Eppure è stato fondamentale per l’inizio del calciomercato. Era da poco finita la Prima Guerra Mondiale, era l’epoca dei grandi sconvolgimenti e delle grandi imprese e lo sport recitava un ruolo di prim’ordine nella ricostruzione dello spirito dei cittadini provati dal conflitto. Virginio Rosetta era un attaccante di 23 anni e giocava nella Pro Vercelli, società che ha dato molto al calcio degli albori. In Piemonte però in quegli anni c’era un’altra società di prestigio: la Juventus. Da intenditori di calcio quali erano, i dirigenti bianconeri non potevano non vedere che Rosetta avrebbe potuto aggiungere un alto tasso tecnico e quindi decisero di ingaggiarlo.

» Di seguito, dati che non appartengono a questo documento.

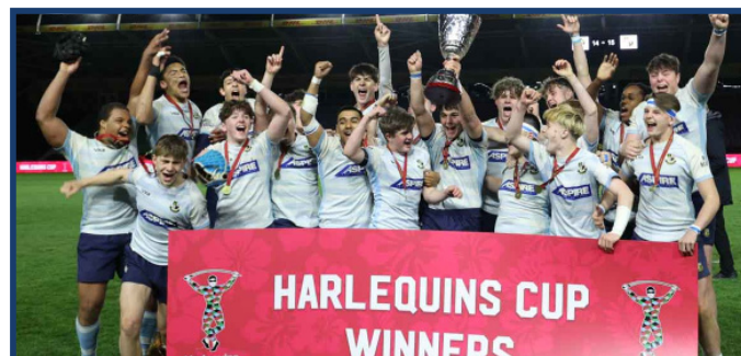
U16 Boys Winners - Warlingham
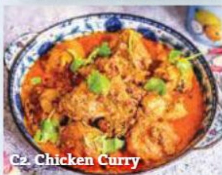
C2. Chicken Curry
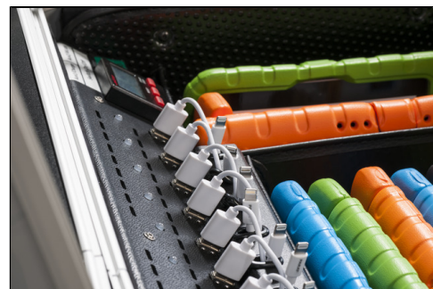
- 10x USB data and charging cable to lightning connector with LED display
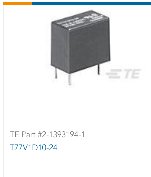
TE Part #2-1393194-1 T77V1D10-24
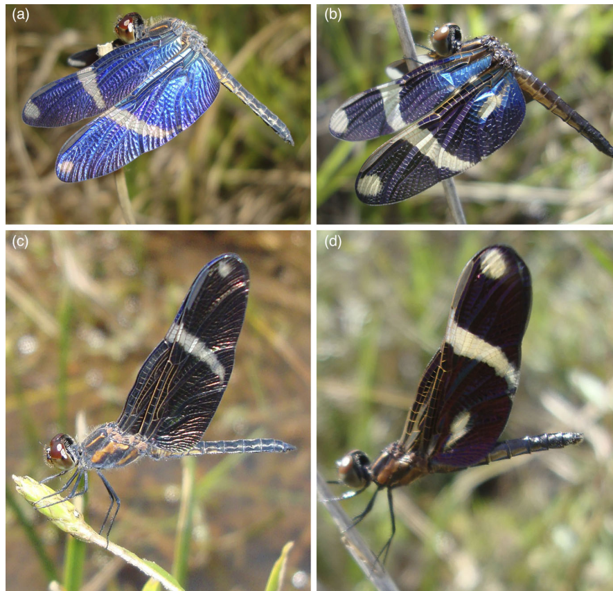
Figure 1 A Zenithoptera lanei male perched in its territory showing the iridescent wings with a bright UV-bluish dorsal surface (a) and a dark metallic-red ventral surface (b). A female perched and exhibited its bluish dorsal wing surface (c) and the darker ventral surface (d) against the Brazilian savannah visual background

with a deuterium and tungsten halogen light source (DH-2000-BAL, Ocean Optics Inc, Dunedin, FL, USA). The spectral range of the light source ranged from 200 to 1100 nm. The light was guided through a 200 \mu\text{m} glass fibre positioned 2 mm above the sample. The reflected light was collected by the same fibre and guided to a spectrometer (HR-4000, Ocean Optics). Spectral data were processed by the Spectral Suite software (Ocean Optics). Electrical noise was smoothed with a span of 0.25 using the pavo package (Maia et al. , 2019) in R environment (R Core Team, 2021).
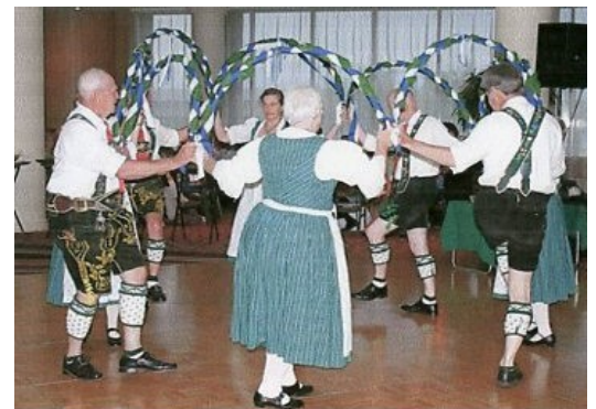
German folk dancers entertain the D.C. visitors
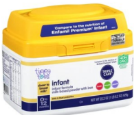
Tippy Toes 22.2 oz
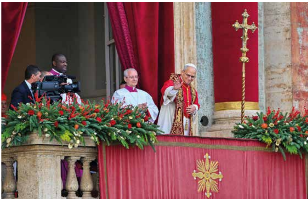
Pope Leo XIV waves to the faithful at the main balcony of St. Peter's basilica

Tens of thousands have been killed, eastern Ukraine decimated and millions forced to flee
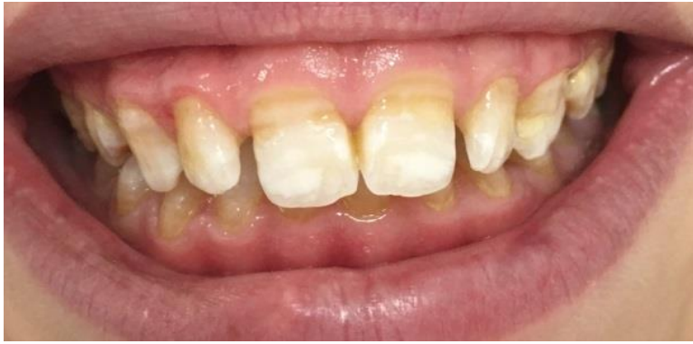
Fig. 3 Chronological hypoplasia
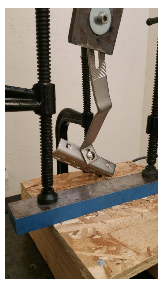
Figure 2b. Typical Failure Mode
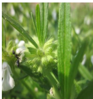
M. Camponotus sp. Moving round the flowers
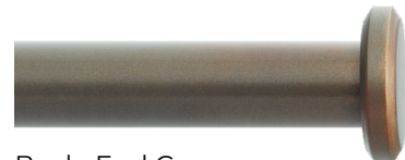
Beale End Cap PO118BEEC 1/2" L x 2" W Resin, Andiron
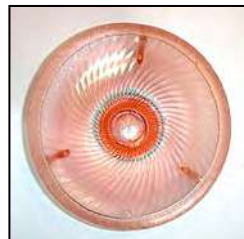
Fenton Swirl Optic
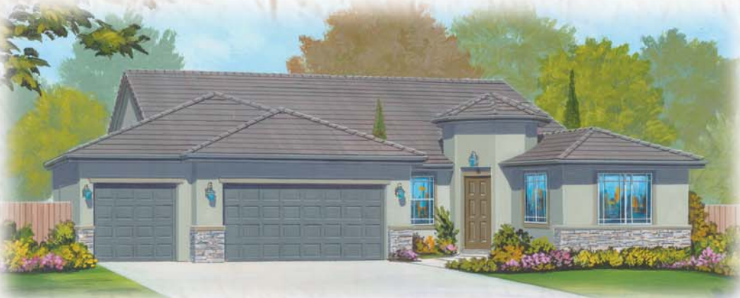
ELEVATION C, modeled
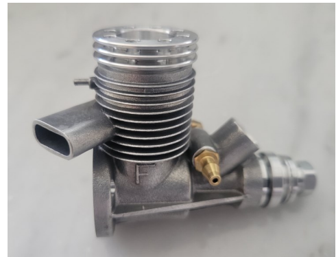
Fora 1.0cc (.061) $259.95
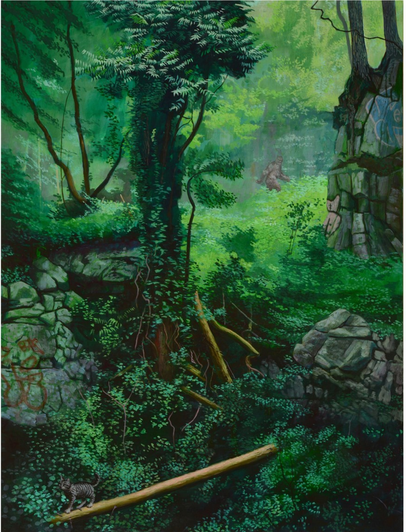
"Phase VI" 2020,, oil on panel,, 61 x 46 cm, 24 x 18 in

GALLERY POULSEN CONTEMPORARY FINE ARTS - COPENHAGEN
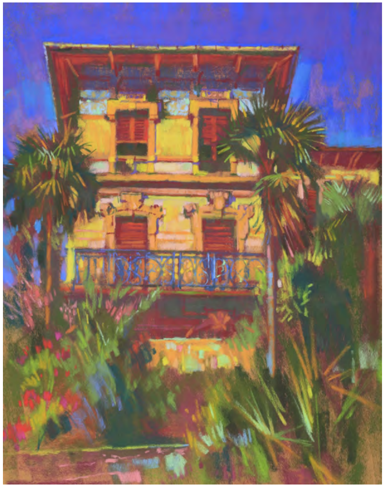
'Villa Borghese and Palms, Lake Maggiore', pastel 65cm x 50cm
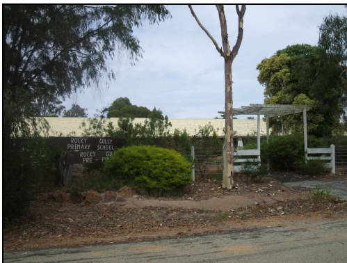
Rocky Gully Former Primary School
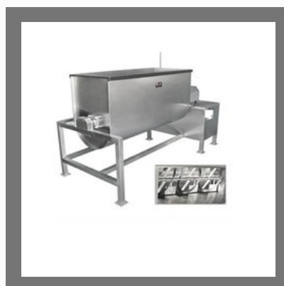
Farshan Mixing Machine
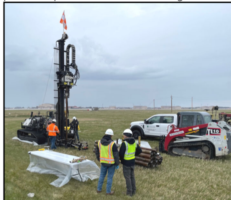
Drilling activities in May 2022

After the RI is complete, a Feasibility Study will evaluate alternatives to address unacceptable risk to human health and the environment.

Oggi sarebbe stato semplice: vedo un atleta, contatto la società e poi il suo procuratore (almeno così dovrebbe avvenire) e poi faccio l’offerta. Ma i regolamenti di quegli anni erano rigidi: essendo il calcio uno sport dilettantistico, il giocatore doveva risiedere nella città in cui giocava e avere un lavoro che non fosse quello del calciatore, visto che di calcio non ci si poteva vivere. L’attaccante scalpitava: l’interesse della Juventus rappresentava un vero onore. Dall’altra parte però, la Pro Vercelli era certa che, visto che il giovane abitava e lavorava in città, non potesse di certo cambiare casacca. Il presidente bianconero Edoardo Agnelli, tuttavia, aveva escogitato uno stratagemma per aggirare questo ostacolo e diede mandato al consigliere Sandro Ajmone Marsan di mettere a disposizione del giocatore un impiego nella sua azienda e all’avvocato Riccardo Peccei di recarsi a Vercelli a definire l’affare con Rosetta per 45mila lire di ingaggio e 700 lire di stipendio oltre a vitto e alloggio.

Sembrava tutto definito, mancava soltanto l’iscrizione del giocatore alla lista dei trasferimenti d’autorità – necessaria visto il mancato accordo fra le due società – da parte della Lega Nord, ma, si diceva, si trattava soltanto di una formalità. Tuttavia, a causa di qualche frizione di troppo fra la Lega Nord e la Federazione a causa dell’intricatissima vicenda del passaggio di Gay, altro giocatore dimissionario dalla Pro Vercelli, al Milan, il trasferimento venne bloccato per molto tempo. Poi tutto si risolse e Virginio Rosetta divenne un giocatore della Juventus e, a sua insaputa, il primo di una interminabile serie di trasferimenti che presero poi il nome di calciomercato.

Altrettanto scalpore destò il passaggio di Fulvio Bernardini dalla Lazio all’Inter nello stesso anno, ovvero il 1925. Due sono stati i cambiamenti epocali che lo hanno seguito: Bernardini, che molti anni dopo divenne commissario tecnico della Nazionale azzurra, fu il primo giocatore romano a trasferirsi in una grande squadra del Nord Italia e nel 1926 fu il primo a firmare la Carta di Viareggio, il documento che sancì definitivamente l’inizio del calcio professionistico nella Penisola.

Come dice Mickey Walsh nel film “I Goonies”: “Tutto comincia da qui”.